• Given material:

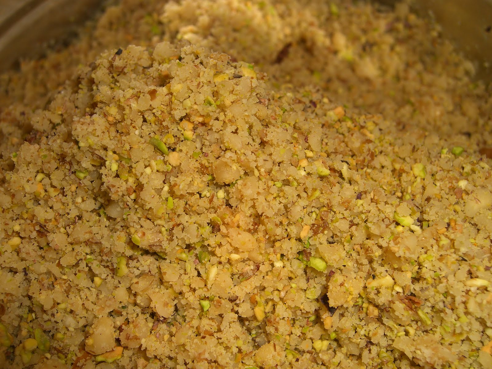 I grabbed the recipe from here, and went to work! I used walnuts and pistachios (and had a moment of temporary insanity when I was going to use cashews, odd) to fill the layers. These two nuts work really well together.
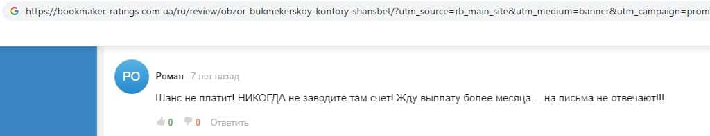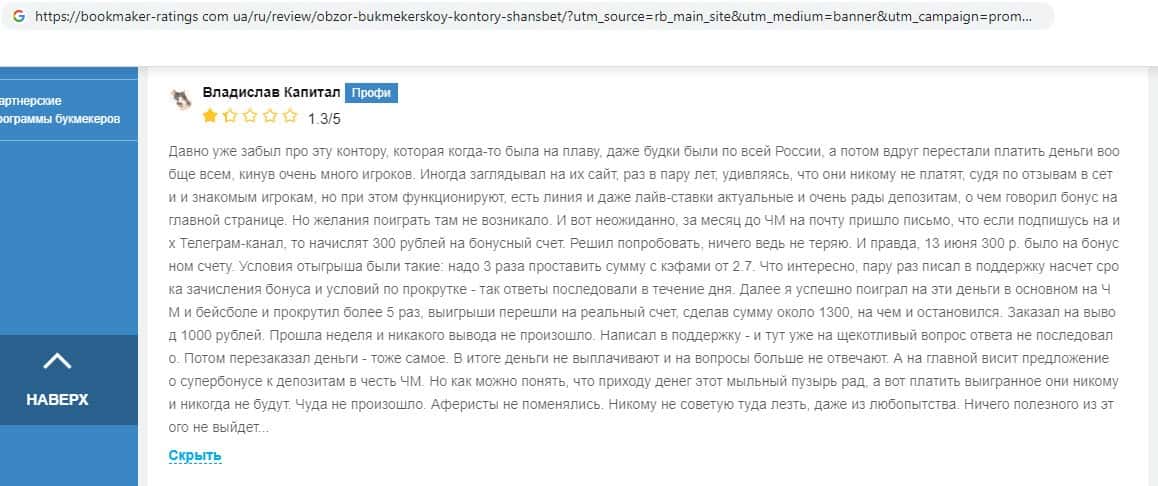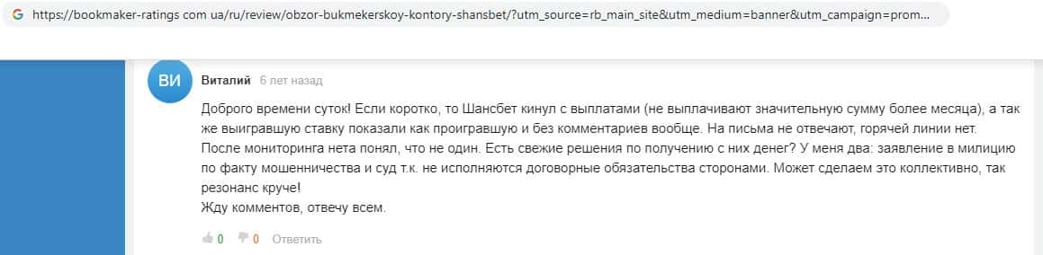 - Отзывы интернет - пользователей о фирме разводил Shans Bet
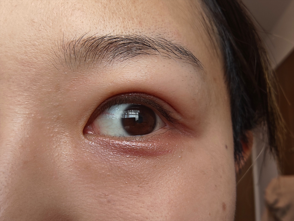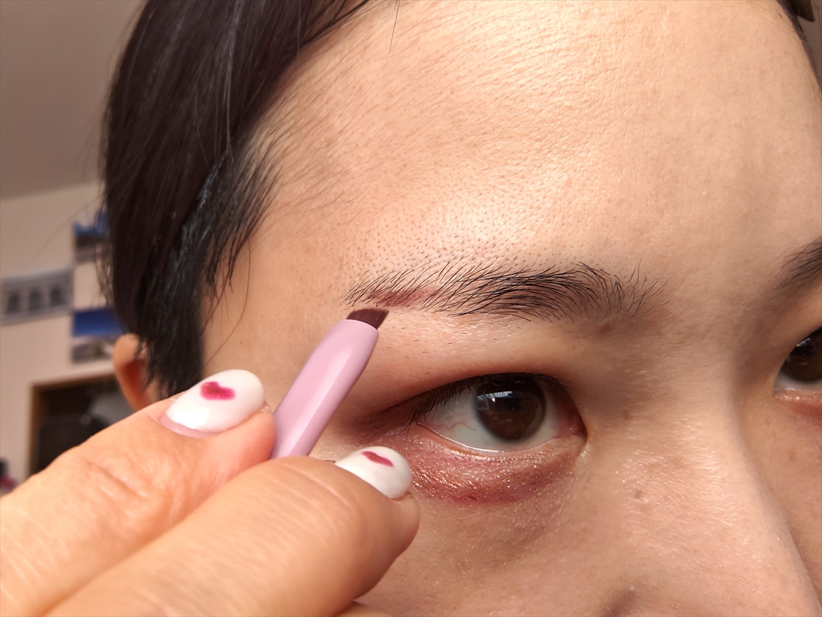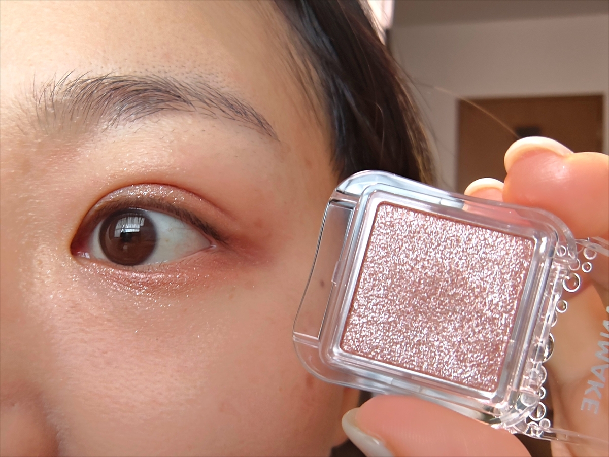 ▼本文では「このまま組み合わせてしまうと顔全体のトーンがちぐはぐになる」と書いたが、一旦は今回のコスメを組み合わせてメイクをしてみよう。まずはアイカラーマジシャン。赤みがかったラメ入りのリキッドアイシャドウ。「よれにくくたまりにくい」とのことだが、筆者が使った限りでは結構よれやすくたまりやすいかも……?
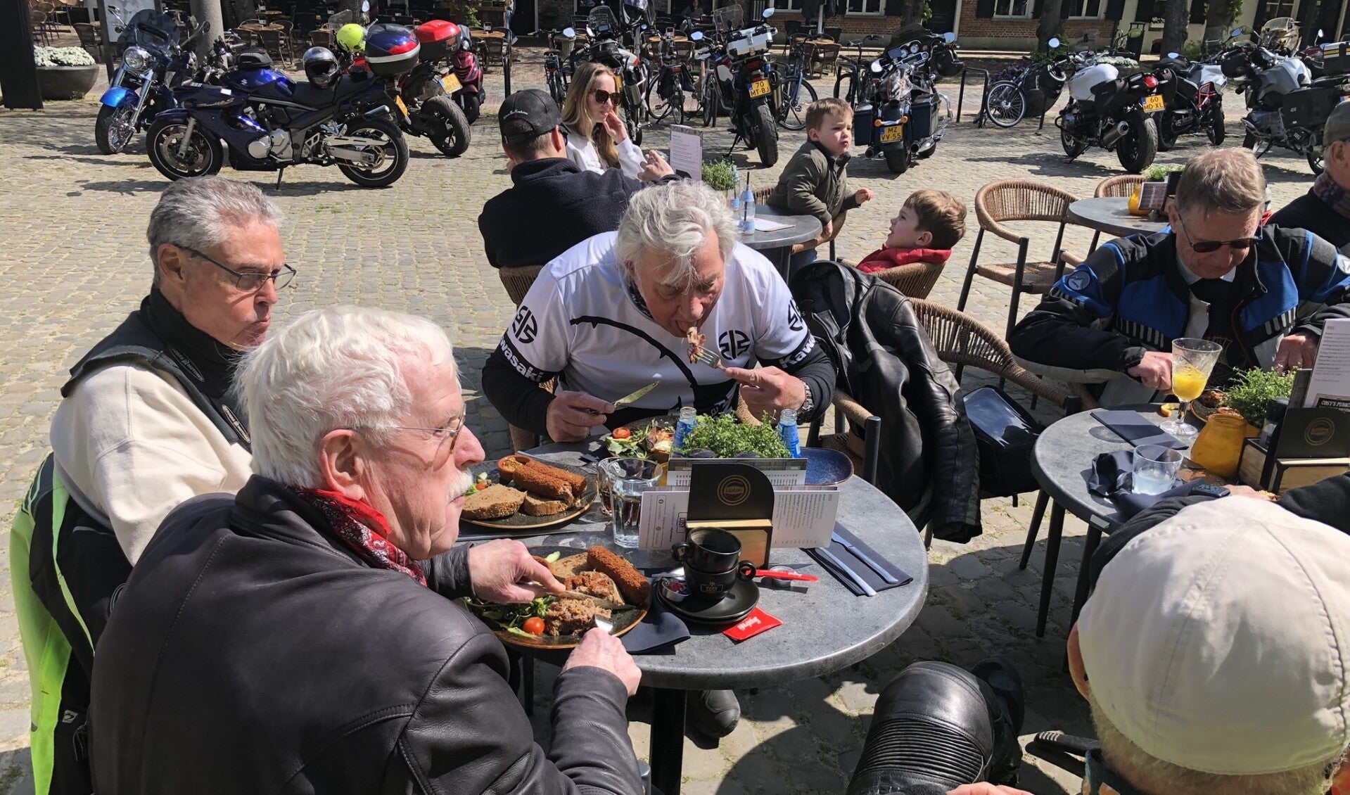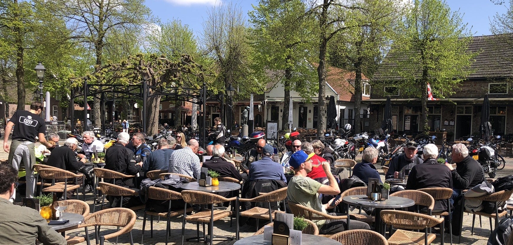 Na de pauze vervolgden we onze route over schitterende, bochtige wegen rondom Eindhoven. In Eersel lunchten we met 22 motorrijders bij Cosy Foodbar, waar we even konden uitrusten en bijpraten.

• Task item: Would you restate word for word each line from the one that holds "- Отзывы интернет" to the end of the material, both ends included, without the pictures?

• Result for this task:
 - Отзывы интернет - пользователей о фирме разводил Shans Bet
 ▼本文では「このまま組み合わせてしまうと顔全体のトーンがちぐはぐになる」と書いたが、一旦は今回のコスメを組み合わせてメイクをしてみよう。まずはアイカラーマジシャン。赤みがかったラメ入りのリキッドアイシャドウ。「よれにくくたまりにくい」とのことだが、筆者が使った限りでは結構よれやすくたまりやすいかも……?
 Na de pauze vervolgden we onze route over schitterende, bochtige wegen rondom Eindhoven. In Eersel lunchten we met 22 motorrijders bij Cosy Foodbar, waar we even konden uitrusten en bijpraten.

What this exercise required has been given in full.